Estradiol is known to have a variety of biological and behavioral effects, but monitoring its function is complex given the many factors influencing its variation. This necessitates large sample sizes which are challenging in captive and wild situations. This study validates the use of opportunistically collected urinary estradiol levels (E2) for use in reproductive monitoring and behavioral research in bonobos (Pan paniscus). We analyzed frozen urine samples from four Columbus Zoo adult females over four years for estradiol and creatinine concentrations (n=117). While E2 was significantly higher in pregnant vs. non-pregnant females (F=66.30, df= 1, p<0.001) it was not significantly different between lactating and regularly cycling females (F=0.40, df= 1, p=0.5304). Among the regularly cycling females, there was a significant positive regression between E2 and sexual swelling size (F= 4.43, df=1,81, p=0.0384). No differences in E2 variation were detected between individuals in this study. Specifically, when the amount of variation in estradiol due to sexual swelling was statistically controlled for, there was no significant effect of age (n=83, r=0.08059, p=0.4689) or rank (n=83, r=0.1361, p=0.22) on estradiol variation. Overall, these findings indicate that opportunistically sampled urinary estradiol can be paired with visual observation to help detect changes in reproductive status. The shift from lactational amenorrhea back to estrogen cycling may be less clearly defined than expected, and uneven sampling may exacerbate difficulty in detecting some of the more subtle shifts in estradiol levels. While it is known that extended maximal tumescence in bonobos may function to obscure the exact date of ovulation, we did confirm that ratings of visual tumescence still provide useful information regarding relative estradiol levels. By publishing more methodologies and results of this kind, we hope to promote the continued study of estradiol in bonobos as it is relevant to both health monitoring and behavioral research goals.

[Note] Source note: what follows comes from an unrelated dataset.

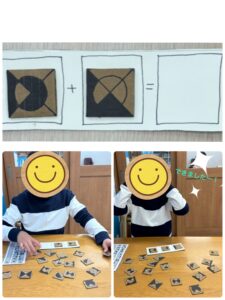 2つのパーツを合わせると、どのような完成図になるのかを考え、テーブルに広げてある様々な図形から、正解の1枚を探し出す課題に取り組みました。

Subjects for this study included four adult female bonobos housed at the Columbus Zoo and Aquarium (CZA) in Columbus, Ohio, USA. Samples were collected for these individuals during the summer months of 2012, 2013, 2014, and 2015. Urine samples were collected by CZA staff either by using a free catch method in which individual subjects urinated through the mesh caging directly into a collection cup, or, by pipetting urine directly off a clean floor surface into a plastic cryo-tube. All subjects had received previous training to urinate on command in exchange for a small food reward. 

Upon collection, samples were immediately frozen and stored at -20°C until they were packed on dry ice and shipped overnight to the Global Health Biomarker Lab at the University of Oregon in Eugene, OR where they were stored at -80°C until time of analysis. 

For analysis, samples were brought to room temperature and diluted (1:4) in assay buffer supplied in the 96-well Detect X® Estradiol ELISA Kit from Arbor Assays™ (catalog no. K030-H) and assayed according to the kit manufacturer’s instructions. The manufacturer of this kit reported the detection limit for this assay as 39.6 pg/mL. This Arbor Assays ELISA protocol is validated for use with urinary samples as well as with human and animal models. Each plate allows for 40 samples to be run in duplicate.

To control for variation in the amount and concentration of urine samples, all samples were assayed for creatinine concentrations using DetectX® Urinary Creatinine Detection Kits from Arbor Assays™ (catalog no. K002-H). The manufacturer listed the detection limit for this assay as 0.019 mg/dL. Samples run for creatinine were diluted (1:20) and run according to the kit manufacturer’s instructions. All plates were read using a BioTek™ microplate reader and analyzed with Gen5™ software version 2.0.

Of the frozen urinary samples available, we were able to assay a total of 31 samples from Ana Neema, 16 from Lady, 48 from Susie, and 22 from Unga for a total of 117 samples. The estradiol concentration values obtained from these assays were corrected for creatinine concentration by dividing the estradiol concentration value of each sample by its respective creatinine value.